L’impatto del Covid-19 sulle donne è sotto gli occhi di tutti: a causa della chiusura dei servizi essenziali o della didattica a distanza nelle scuole, i mesi di lockdown hanno costretto molte donne a passare più tempo a casa con meno lavoro retribuito e molto più lavoro non retribuito. Per le donne, il rischio di perdere il proprio impiego è stato – ed è tutt’ora – molto più elevato rispetto agli uomini. Come ha rilevato Roberta Carlini a partire da un dossier Istat dedicato all’uguaglianza e all’emergenza sanitaria[1]: «Sono donne il 64,4 per cento delle persone impiegate nell’assistenza sanitaria e l’83,8 per cento nell’assistenza sociale non residenziale, entrambi settori che l’Inail ha classificato al livello di rischiosità più elevato tra i lavori nella pandemia. Su un totale di 1 milione e 343mila donne occupate nei settori della sanità e assistenza sociale, 417mila (quasi un terzo) hanno un figlio di età inferiore ai 15 anni, con le relative difficoltà a occuparsene per la totale o parziale chiusura delle scuole e degli asili»[2].

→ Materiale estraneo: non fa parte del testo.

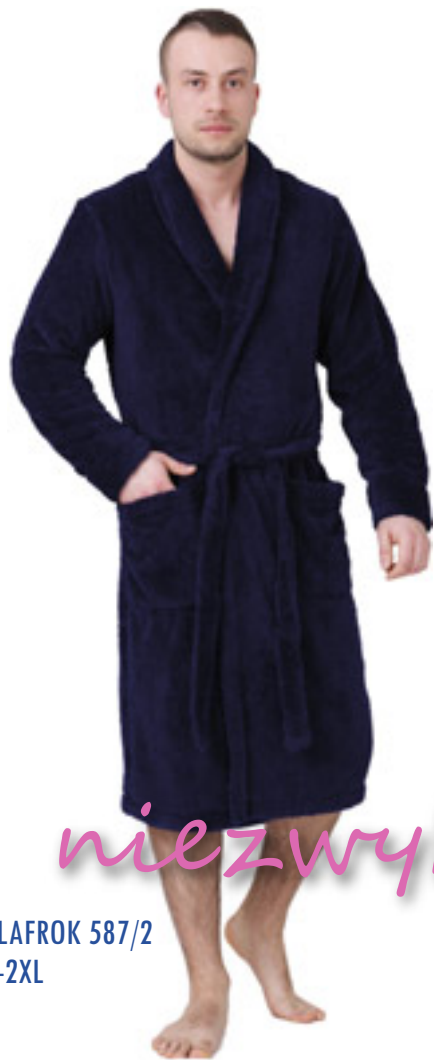
SZLAFROK 587/2 M-2XL

Secondo una ricerca del centro Genders dell’Università degli Studi di Milano, il maggior carico di lavoro relativo all’assistenza scolastica dei figli è pesato sulle donne (qualcuno davvero si aspettava qualcosa di diverso?). L’«effetto lockdown» ha quasi ovunque consolidato e aggravato gli squilibri di genere esistenti[3].

L’Italia è il Paese nel quale le scuole sono state chiuse prima e più a lungo. Inoltre, le chiusure stop-and-go degli ultimi mesi e il distanziamento forzato dai nonni, per molte famiglie il pilastro della conciliazione tra vita privata e lavorativa, ancora una volta sono gravati essenzialmente sulle donne.

Povertà educativa e dispersione scolastica

Quanto descritto contribuirà ad aumentare gravemente la povertà educativa, già endemica nel nostro Paese e in particolare nel Mezzogiorno. L’ultimo rapporto di Save The Children spiega che ci sarà un «incremento della dispersione scolastica, così come del numero di giovani tagliati fuori da percorsi di studio, di formazione o lavorativi, tutti fenomeni già ben presenti prima dell’arrivo del virus»[4]. E ancora: «Nel nostro Paese quasi uno studente al 2° anno delle superiori su 4 (24 per cento) non raggiungeva le competenze minime in matematica e in italiano, il 13,5 per cento abbandonava la scuola prima del tempo e più di 1 su 5 (22,2 per cento) andava a incrementare l’esercito dei NEET, cioè di coloro che non studiano, non lavorano e non investono nella formazione professionale»[5].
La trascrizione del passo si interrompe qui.